By the time Biden entered the executive branch as Obama’s vice president, the Soviet Union had collapsed, but the terms of the Cold War still dominated the discussion. It was called the “post - Cold War” era. What that meant - how it might be translated to some label that didn’t include those two words - was unclear.
The important fact, which many were slow to grasp, was that when the Soviet Union collapsed, so did the fulcrum - the object of challenge and confrontation - that kept the U.S. - led order intact and cohesive. Throughout the Cold War, our allies and many neutral nations followed U.S. interests, even when they didn’t align with their own, because they feared the alternative - domination by the Soviets.
For example, in the 1970s, when Egypt decided to break away from Moscow’s orbit, it aligned with Washington because it needed protection from some superpower. Its leader, Anwar Sadat, expelled Soviet officers, trashed Soviet weapons, and dropped its pro - Soviet policy - and instead bought American weapons, sent their officers to American military academies, and pursued pro - Western policies. (It was during this time that Jimmy Carter got Sadat and Israeli Prime Minister Menachem Begin to sign a peace treaty, which remarkably endures to this day.)
Nowadays, by contrast, Egypt (like many other medium - sized powers) can draw on a variety of suppliers and protectors - some of them foes of one another. It isn’t necessarily wedded to one system or alliance, and thus the larger powers have less influence over its actions.
In other words, the end of the Cold War unleashed a degree of anarchy which spun further out of control as the new structures failed to replace the old ones. Biden admitted as much in a speech at the State Department earlier this month, saying, “The post - Cold War era is over. A new era has begun.”
Looking back at Biden’s four years as president, one can conclude that he never quite figured out - it may be that a person of his background is unable to figure out - just how to adapt to the new era.
This isn’t a critique. Nobody really knows how to adapt. The United States may be the strongest nation on Earth, by several military and economic metrics. But that doesn’t mean we know how to convert these metrics into power - which the sociologist Max Weber defined, a little more than 100 years ago, as the ability to “carry out one’s own will, despite resistance.”
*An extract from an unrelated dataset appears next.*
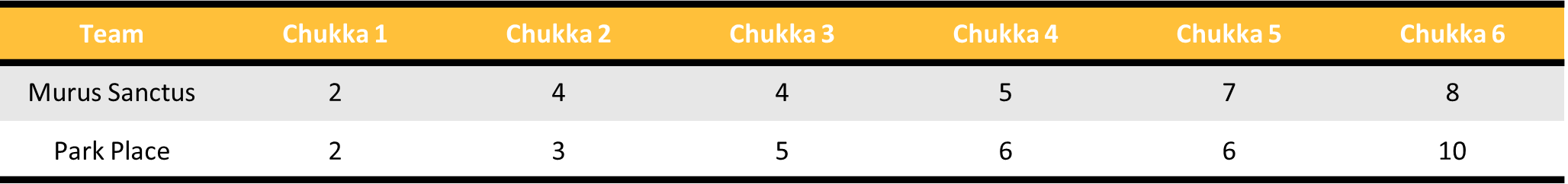 Trading goals over the first seven minutes, Murus Sanctus received field goals from Caset and Facundo Sola, while Park Place responded with a well-balanced team effort that resulted in goals from Pieres and Will Harper, along with an assist from Juan Britos. A fast pace was set on both sides of the ball over the remainder of the half with few fouls and Murus Sanctus pulling ahead on consecutive goals from Caset. However, scoring chances were difficult to come by with each team providing defensive stands as possession continued to switch in the middle of the field. Holding Murus Sanctus without a goal in the third chukka, Park Place took the lead after two Penalty 4 conversions from Pieres left the score at 5-4.

The Cold War was a system allowing the nations at the top - “the superpowers” - to carry out their will. When the Cold War vanished, it became harder for anyone to do so consistently or across a lot of spheres of activity.
In his finest moments, Biden played the hand he was dealt as well as anyone might have played them. But he didn’t realize just how much the world had changed as it passed from Cold War to post - Cold War to post - post - Cold War.
At least Biden understood that the new world imposes limits on how much any nation’s leader can influence others - which is why he emphasized the need for cooperation among allies.
Returning to the White House, Trump seems to think he has the command and know - how to control global events - to wield power - all by himself. The rest of us, worldwide, are holding our collective breaths, wondering how hard he will try, and what flailing actions he might take, to overwhelm the inevitable resistance.